# WHAT IS EXPECTED:
Write out exactly, and only, the lines below from the line with "画面下の保存するボタンをクリ" through the line with "Имено, 27-годишната ѕвезда"; pictures do not belong in the copy.

# DATA TO USE:
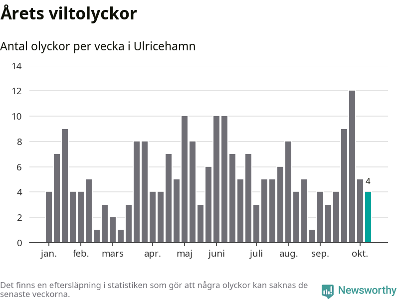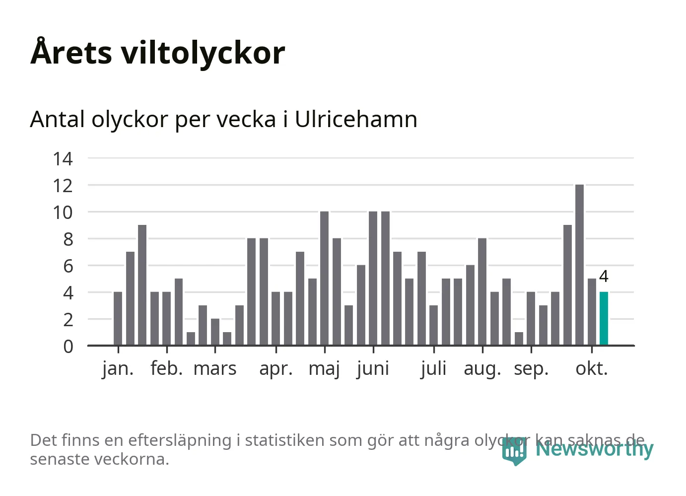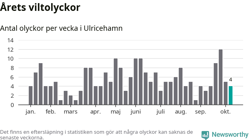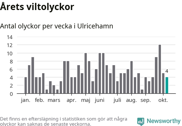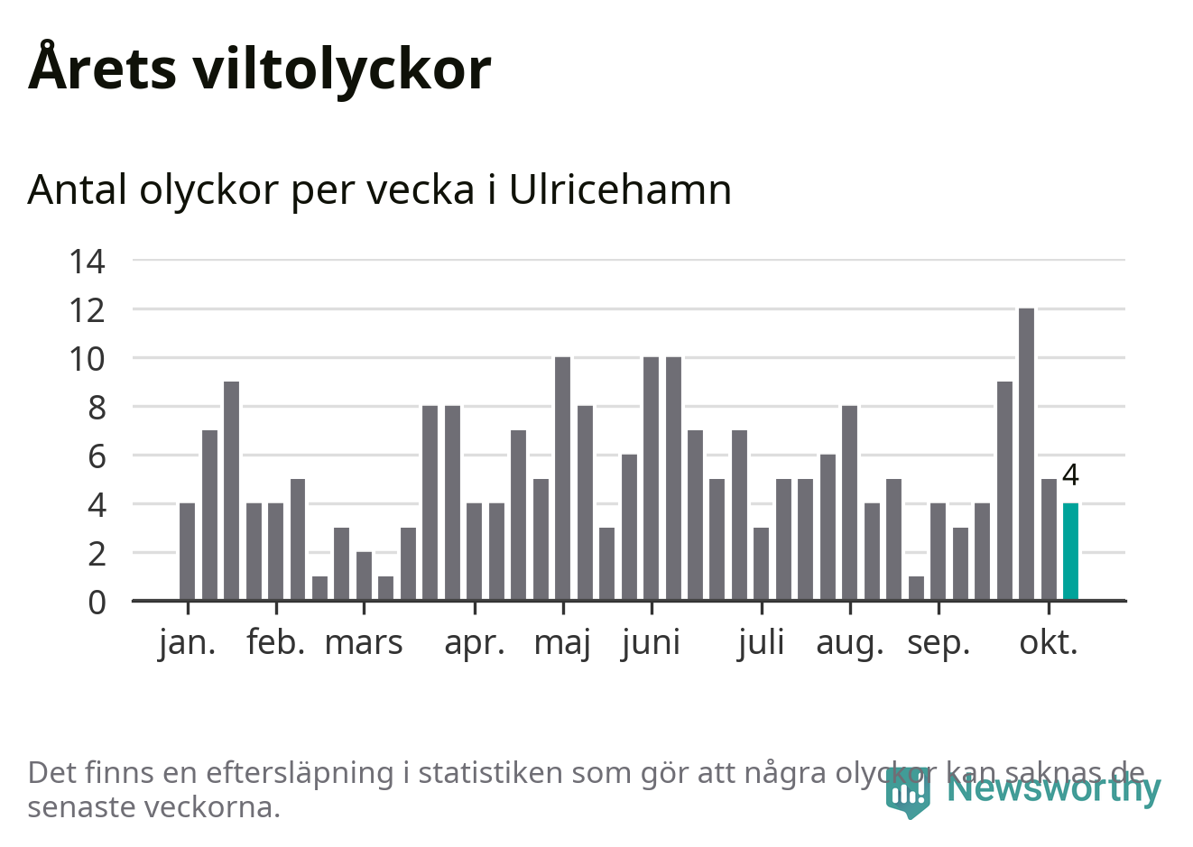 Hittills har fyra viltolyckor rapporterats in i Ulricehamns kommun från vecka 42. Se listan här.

==

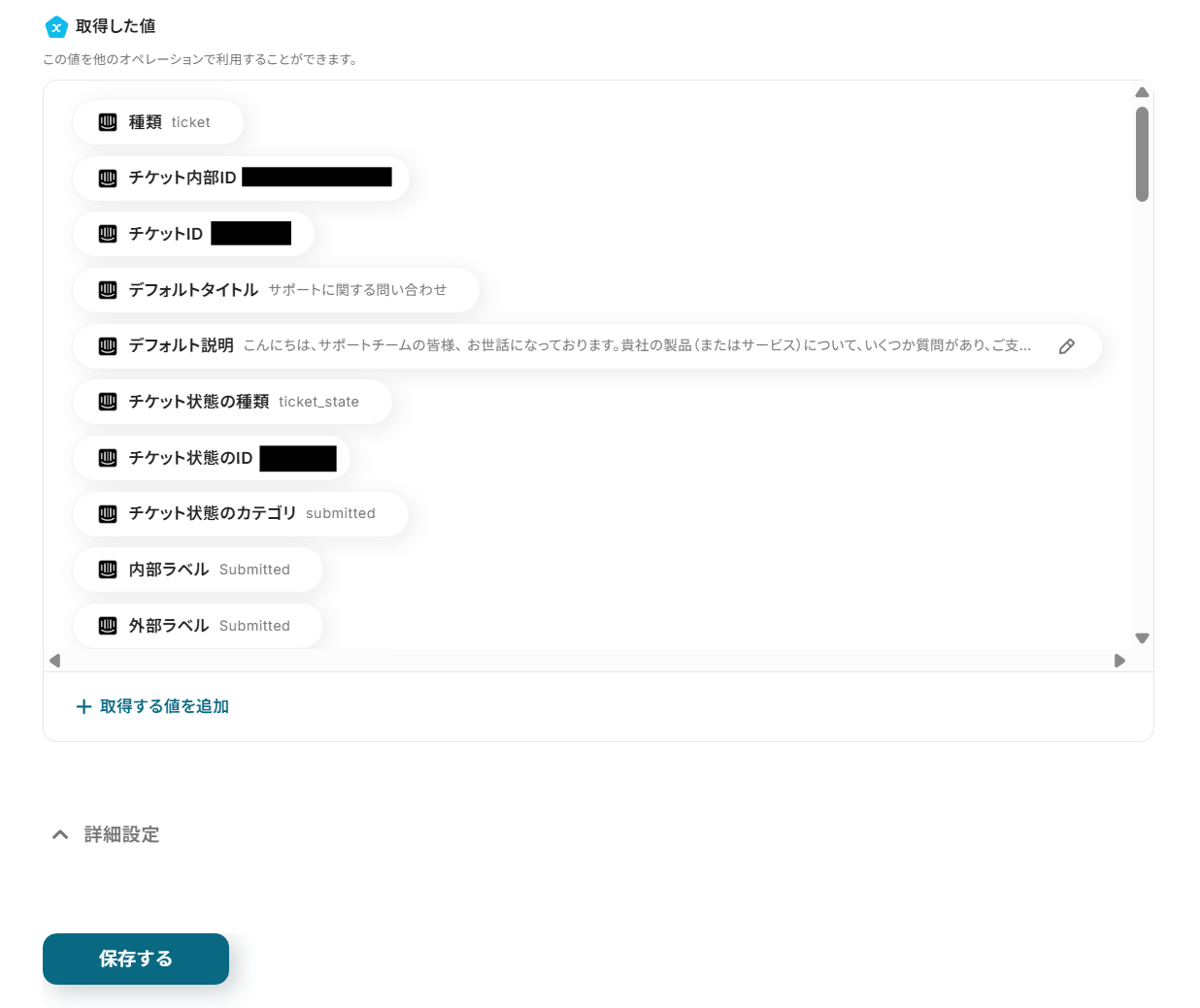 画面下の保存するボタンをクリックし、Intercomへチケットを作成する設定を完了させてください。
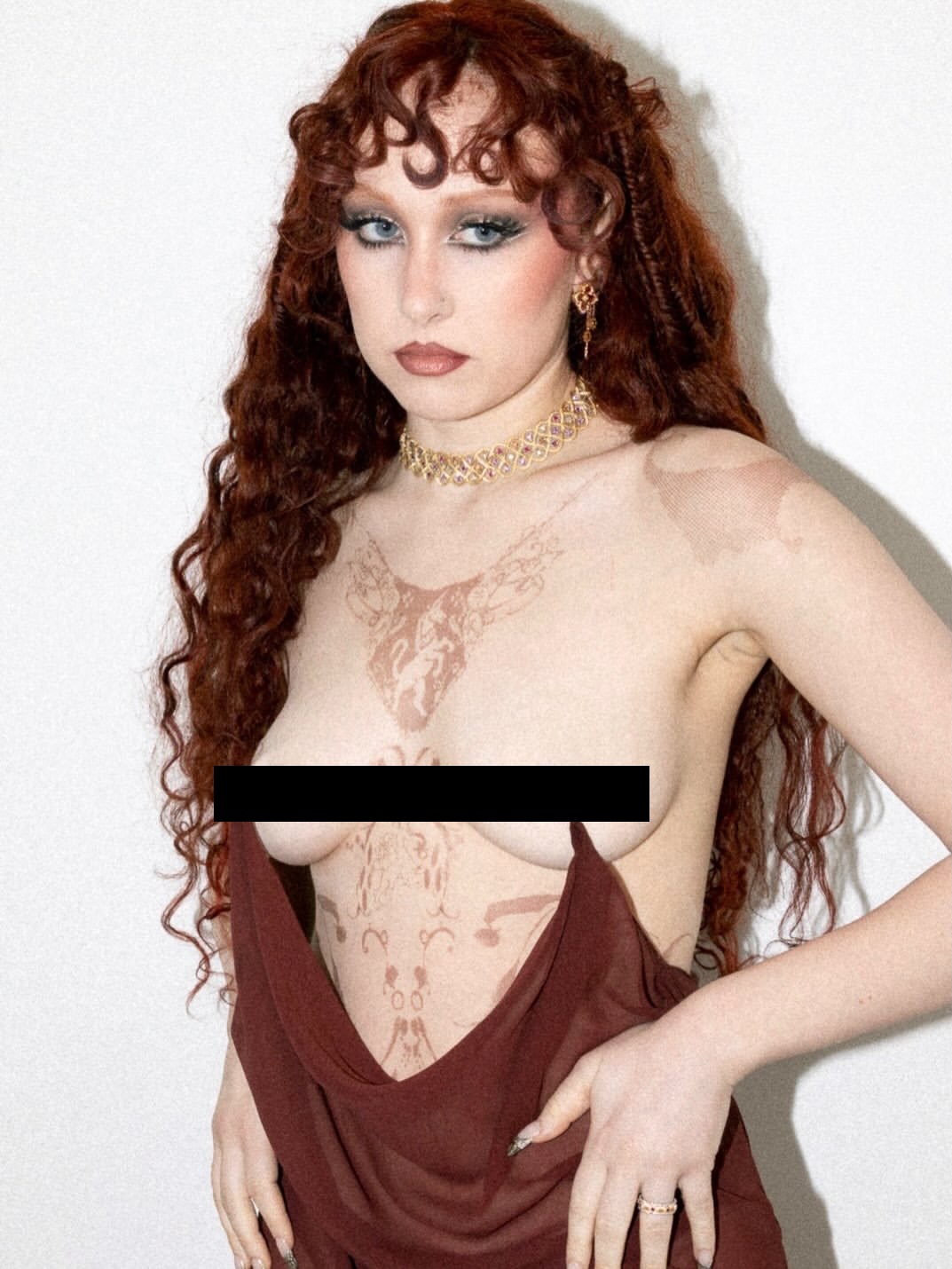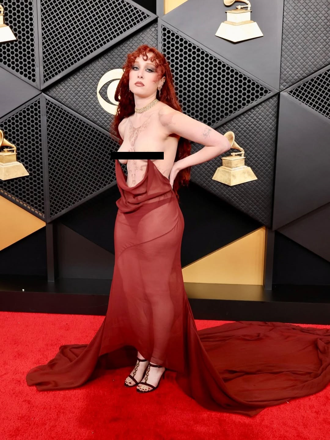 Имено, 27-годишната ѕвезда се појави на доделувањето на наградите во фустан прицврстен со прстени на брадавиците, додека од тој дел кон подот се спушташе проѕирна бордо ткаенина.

# RESULT OF THE TASK:
 画面下の保存するボタンをクリックし、Intercomへチケットを作成する設定を完了させてください。
 Имено, 27-годишната ѕвезда се појави на доделувањето на наградите во фустан прицврстен со прстени на брадавиците, додека од тој дел кон подот се спушташе проѕирна бордо ткаенина.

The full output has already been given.